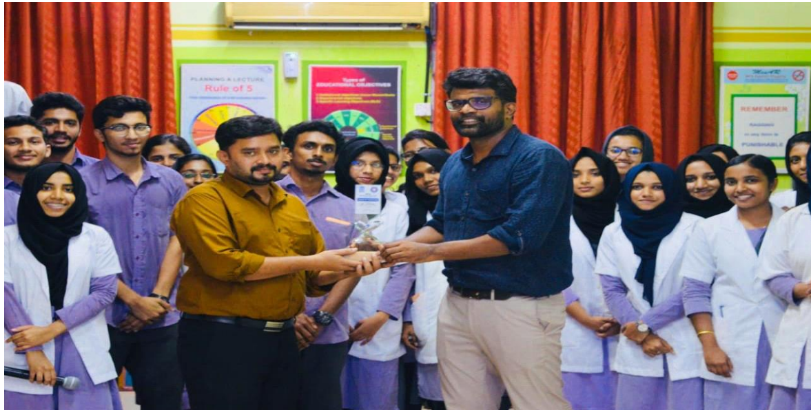
MES Medical College
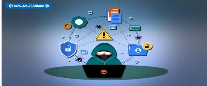
Fig. 1. Cyber Criminal
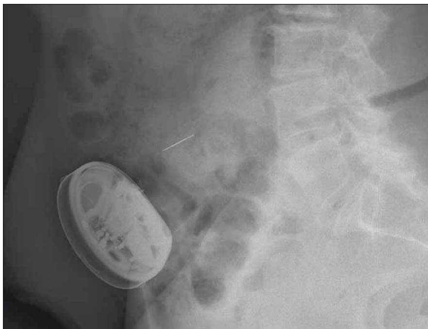
Fig. 2. Pump rotation in downright position.
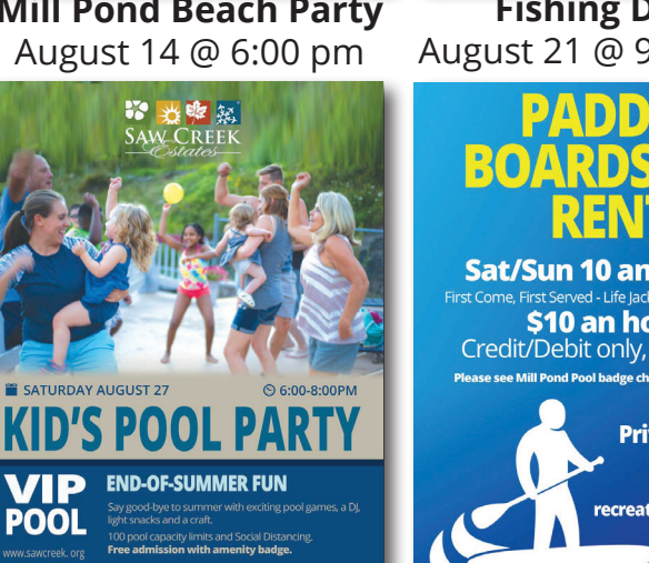
Kid's Pool Party August 27 @ 6:00 pm
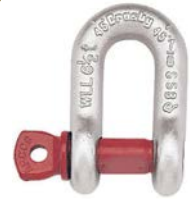
G-210 / S-210

G-210 Screw pin chain shackles meet the performance requirements of Federal Specification RR-C-271F, Type IVB, Grade A, Class 2, except for those provisions required of the contractor. For additional information, see page 468.
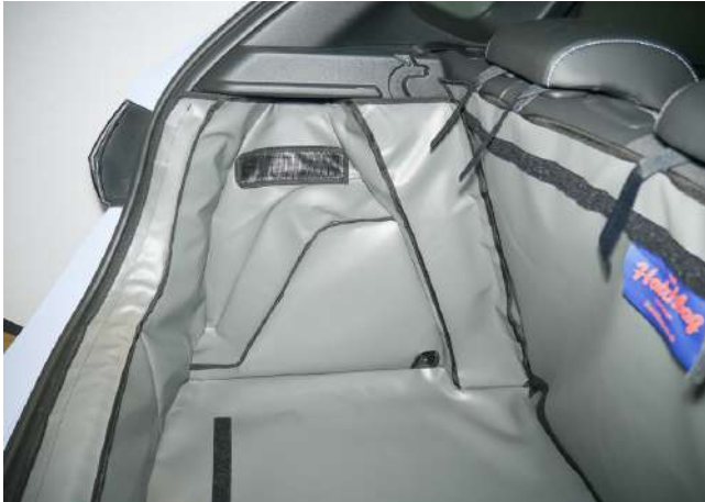
SH1-FNO - left side
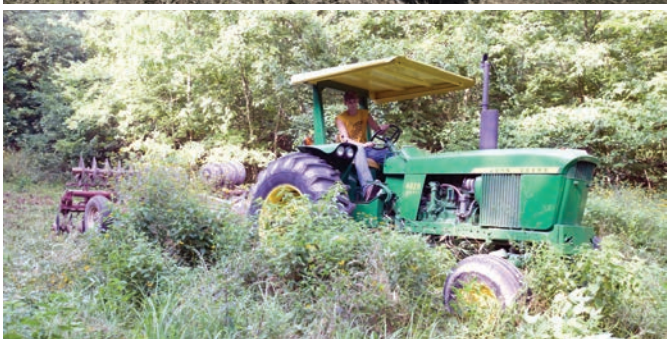
Figure 5. Consider what equipment and implements are available when planning a food plot, as they can affect the plant species that can be successfully planted, as well as the size and location of a food plot. For example, remote plots can be inaccessible for some equipment, such as large tractors, planters and other implements.

more beneficial for deer. Smaller food plots can be useful but tend to produce less forage due to browsing pressure and shading. Food plots larger than 5 acres can be designed with corridors or hedgerows of trees planted at 50-yard intervals to create visual breaks and provide screening cover (Figure 4).
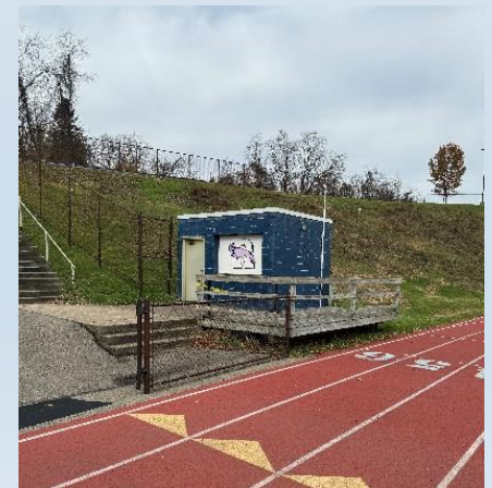
Existing Concession Stand
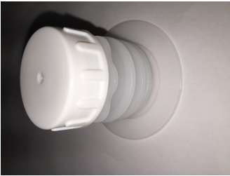
1 Inch Aseptic fill gland
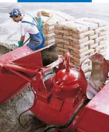
Mixing Topcem with an automatic pumping unit
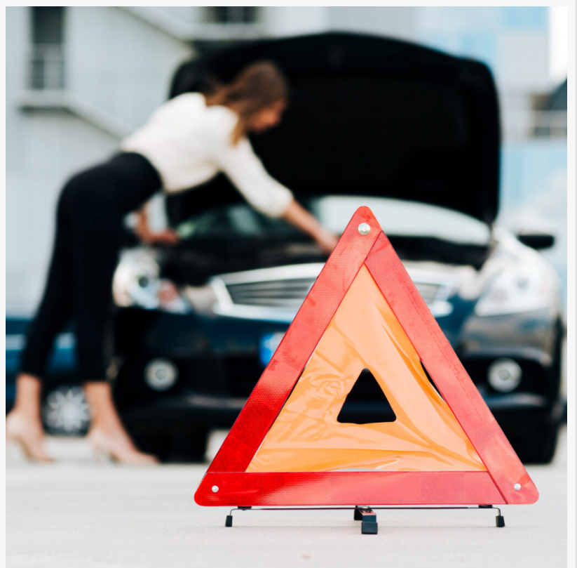
Manual Transmission Repair-
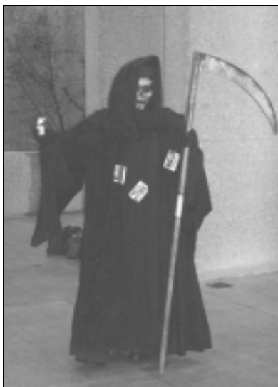
Yesterday the Grim Reaper took INB5 delegates by surprise as they entered the CIGG.
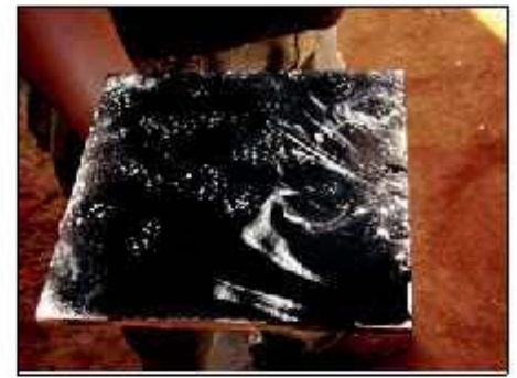
Tracking tiles are made using ordinary ceramic bathroom tiles which are blackened with soot using an oil lamp. The tracking tiles are then placed in people's homes and checked for signs of rodent activity as a way to monitor the impact of rodent management activities on the rodent population over time

sively trapping rodents. Trapping is organized at the community level, with traps rotating around the community in order to share the costs. This ensures that the rodent population is reduced at a sufficiently large enough scale to reduce the effects of immigration back into the intervention zone. In addition to the trapping programme, environmental management activities to reduce rodent access to stored food, water and harbourage within communities are demonstrated. Monitoring the impact of the EBRM intervention takes place by firstly monitoring changes to the rodent population. This is done by measuring the relative abundance of rodents in the EBRM intervention villages in comparison with non-intervention villages nearby that are simply carrying on with their indigenous rodent management activities. This comparison is done with limited removal trapping surveys and non-invasive indicators such as the placement of tracking tiles to measure overall rodent activity levels within the communities.
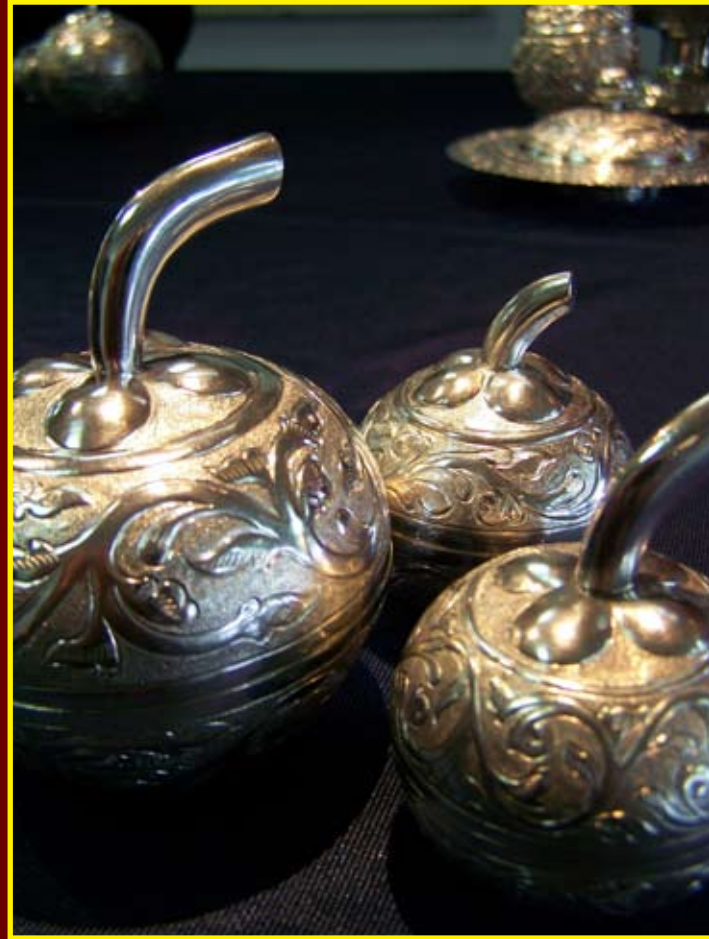
Traditional methods in silversmithing are still practiced today producing beautiful and detailed ornaments.
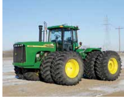
2003 John Deere 9520
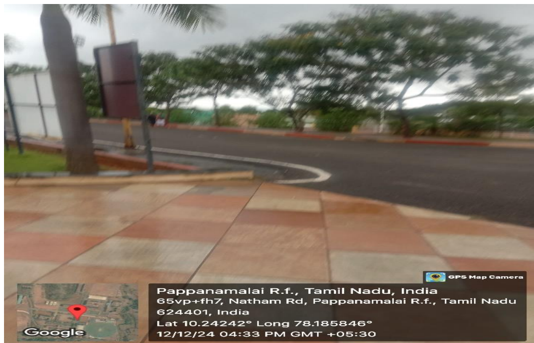
NPRCET Friendly Pathway
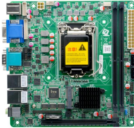
ITX-Q250M1 VER:1.0 正面图
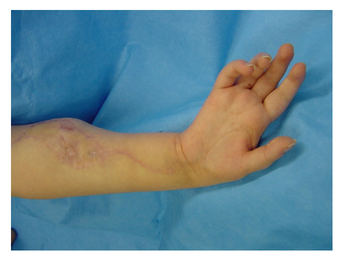
Figure I Preoperative flail hand.
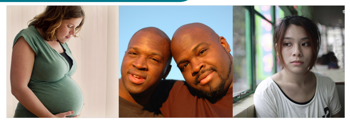
Syphilis is a sexually transmitted disease (STD) that can have very serious complications when left untreated, but it is simple to cure with the right treatment.
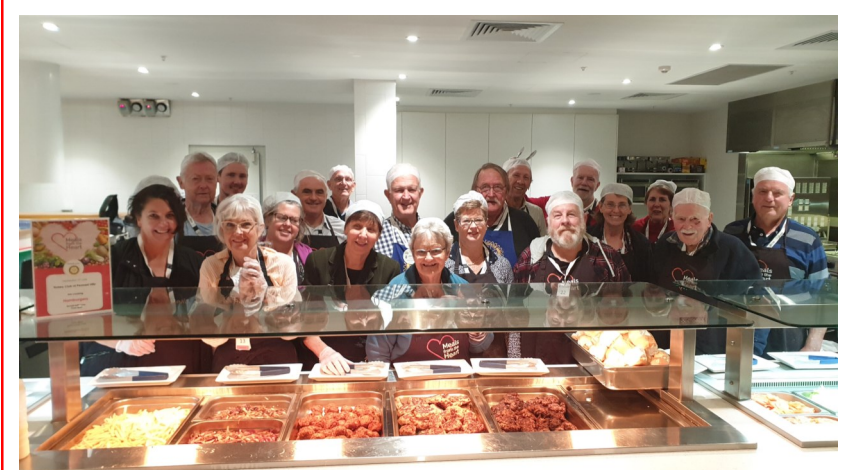
Our group assembled prior to serving the main meal

A surprise finish to the evening was the 'early mark' we were given while the wash up was in full swing. However, the chef advised that the evening volunteers would take over from us and finish the clean up. So we were on our way before 9.00pm. All in all, I thought it was a very good night of 'Service Above Self'.
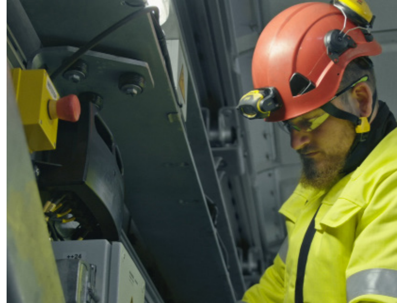
SERVICE & MAINTENANCE

„Besides offering great service our fast supply chain and huge spare parts inventory ensure that you are in good hands.“
---------------
Looking above, find the stretch of lines that opens with the one holding "ITX-Q250M1 VER:1.0 正面图" and closes with the one holding "SERVICE & MAINTENANCE". Copy it exactly, pictures excluded.

ITX-Q250M1 VER:1.0 正面图
Figure I Preoperative flail hand.
Syphilis is a sexually transmitted disease (STD) that can have very serious complications when left untreated, but it is simple to cure with the right treatment.
Our group assembled prior to serving the main meal

A surprise finish to the evening was the 'early mark' we were given while the wash up was in full swing. However, the chef advised that the evening volunteers would take over from us and finish the clean up. So we were on our way before 9.00pm. All in all, I thought it was a very good night of 'Service Above Self'.
SERVICE & MAINTENANCE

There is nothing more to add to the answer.